The Natick Historical Society has uncovered all sorts of treasures as it prepares for the eventual reopening of its museum in the basement of the Bacon Free Library. The discovery at the end of last week of a Civil War artillery shell in his collection required special attention.
The Bomb Squad, a state police unit assigned to the state fire marshal’s office, visited the Natick History Museum on Monday to determine whether or not the shell was dangerous.
They x-rayed the object and discovered that although it did not contain gunpowder, it had an igniter that needed to be diffused. The Bomb Squad took him to nearby Hunnewell Field, where they took care of business. (MetroWest Daily News took some great pictures.)
“Now it’s perfectly safe,” says Mike Pojman, chairman of the company’s board. “We’ll figure out what to do with it, we didn’t know we had it.”
The shell has been tentatively identified as a Hotchkiss projectile, according to the Historical Society.
The paper trail of older collectibles isn’t always solid or even extant, and Pojman says the shell was of unknown provenance. He credits board member Kenneth Van Blarcom with the detective task of determining that it was a Civil War relic. “It would be wonderful to know if there’s a Natick connection,” Pojman said.
The company, which operated both in the museum and in the space across the street, is consolidating itself in the renovated museum. Society staff and volunteers scoured the collection to determine what should find its place in the museum’s display cases and cabinets. When the shell was discovered, NHS management “out of an abundance of caution” began contacting the authorities, starting with the Natick Police Department.

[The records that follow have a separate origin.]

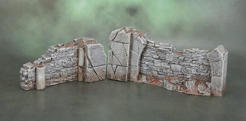 A year (or two? three? I seem to lose track so easily!) or so ago I got a whole bunch of resin scenery bits along with some secondhand models from a local guy. As what seems to always happen, I put some of the terrain away to one side with the intention of quickly painting them up, and then naturally lost track of where I’d put the damned things for literally months. Over my Christmas/Summer break – which is when I tend to like doing scenery due to good spraying and drying weather along with time off work, I found them again and this time got them out and knocked them out. Mostly drybrushing with greys, painting the metal parts and then painting Army Painter Dip over the lot before a matt varnish.
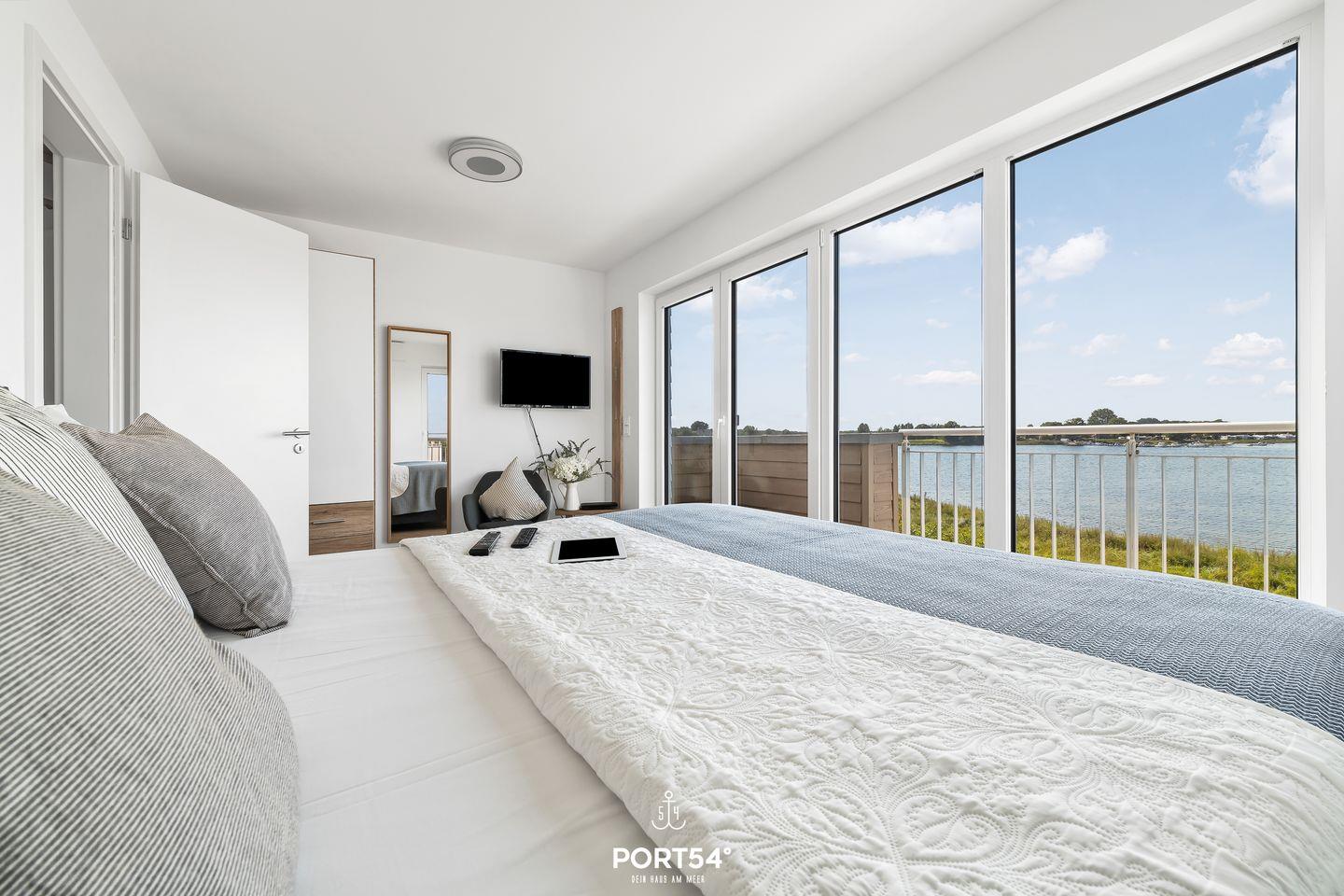 Jedes der drei Schlafzimmer ist mit modernen Smart-TVs und praktischen Fliegengittern ausgestattet. Aus den Schlafzimmern mit den Doppelbetten hast Du jeweils aus einer großen Fensterfront einen traumhaften Blick auf das Wasser.
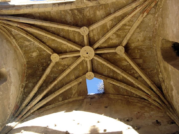 El actual monasterio de Santa Clara la Real fue fundado en el siglo XIII y construido sobre el palacete musulmán que había acogido a los últimos reyes moros. En su iglesia, y pese a las reformas de siglos posteriores, todavía se pueden admirar en el coro alto restos de bóvedas de crucería góticas decoradas en sus nervaduras con cielos estrellados y dragones, muy parecidas a las de la parroquial de Santiago en Jumilla, pero con un colorido que nos recuerda a los grandes temas fantásticos que se pueden admirar en distintos puntos de la Europa Gótica.
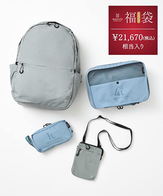 収納力・軽さ・耐水性に優れたTROT バックパックLをメインに、サコッシュや圧縮オーガナイザー、ポーチを組み合わせた計4点入りの福袋
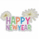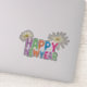 sticker vinyle 6" x 6" sur mesure avec une image de "Bonne Année" imprimée en lettres-blocs multicolores et deux feux d'artifice en or. Voir autocollant carré correspondant, confettis, étiquette et papier d'emballage. Consultez la collection entière de Stickers du Nouvel An dans la section VACANCES.
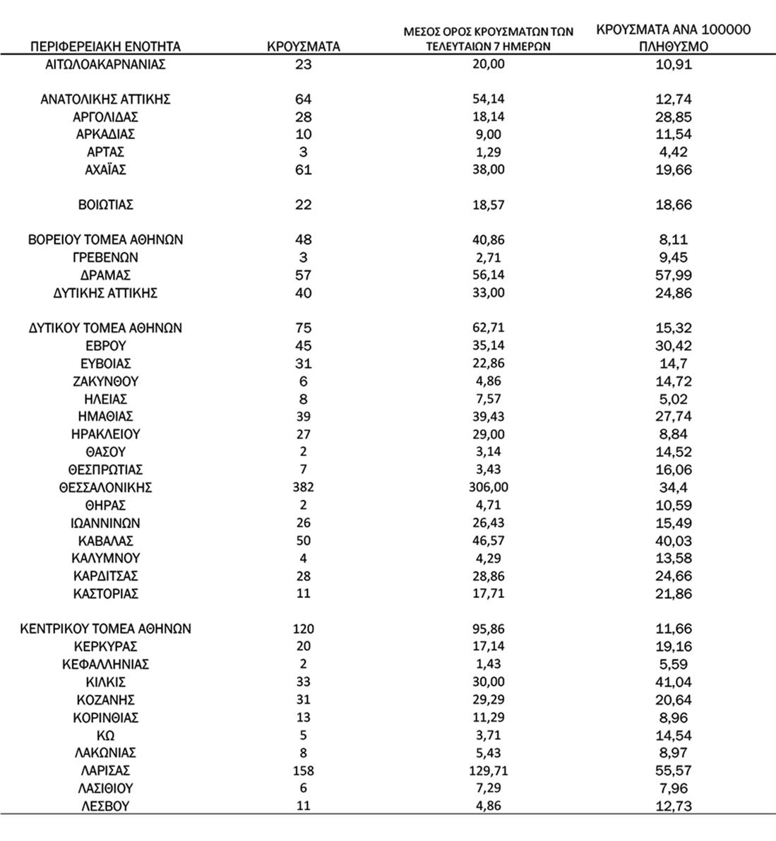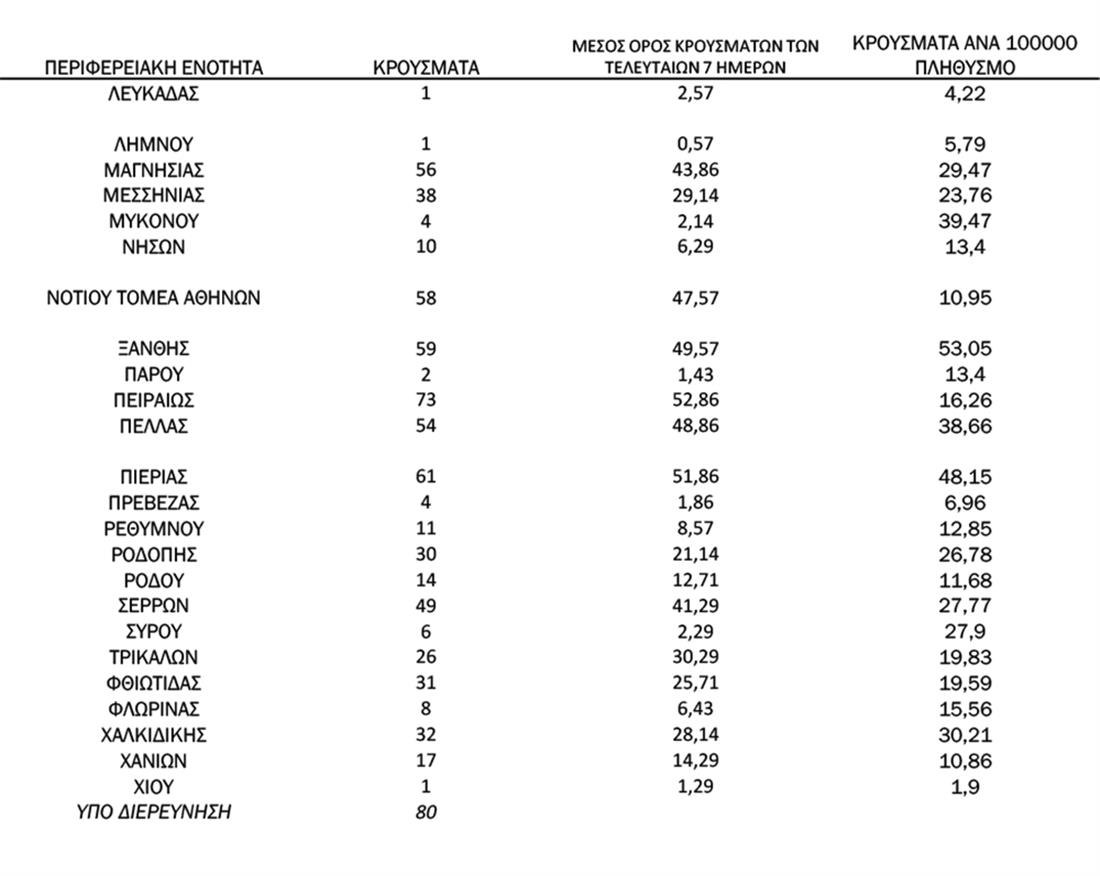 Τα νέα εργαστηριακά επιβεβαιωμένα κρούσματα της νόσου που καταγράφηκαν τις τελευταίες 24 ώρες είναι 2.249, εκ των οποίων 6 εντοπίστηκαν κατόπιν ελέγχων στις πύλες εισόδου της χώρας. Ο συνολικός αριθμός των κρουσμάτων ανέρχεται σε 671.040 (ημερήσια μεταβολή +0.3%), εκ των οποίων 50.9% άνδρες.1Με βάση τα επιβεβαιωμένα κρούσματα των τελευταίων 7 ημερών, 114 θεωρούνται σχετιζόμενα με ταξίδι από το εξωτερικό και 3.126 είναι σχετιζόμενα με ήδη γνωστό κρούσμα.

A spokesperson for the State Fire Department said “Older military orders appear more often than one would think (or hope)…The Bomb Squad…are regularly called in when loved ones who clean out a veteran’s home find ammunition or “souvenirs” from military service, or when fishing vessels drag these items in a net. Sometimes these items are alive, sometimes inert, sometimes they can contain some powder as part of the firing mechanism, and sometimes you can’t tell. For this reason, we recommend that anyone who finds such a device treat it as alive and dangerous. Leave it in place and call the local firefighters, who will notify the bomb squad.
If the shell has earned pride of place at the museum… we’ll just have to wait and see when the grand reopening takes place on a date to be determined.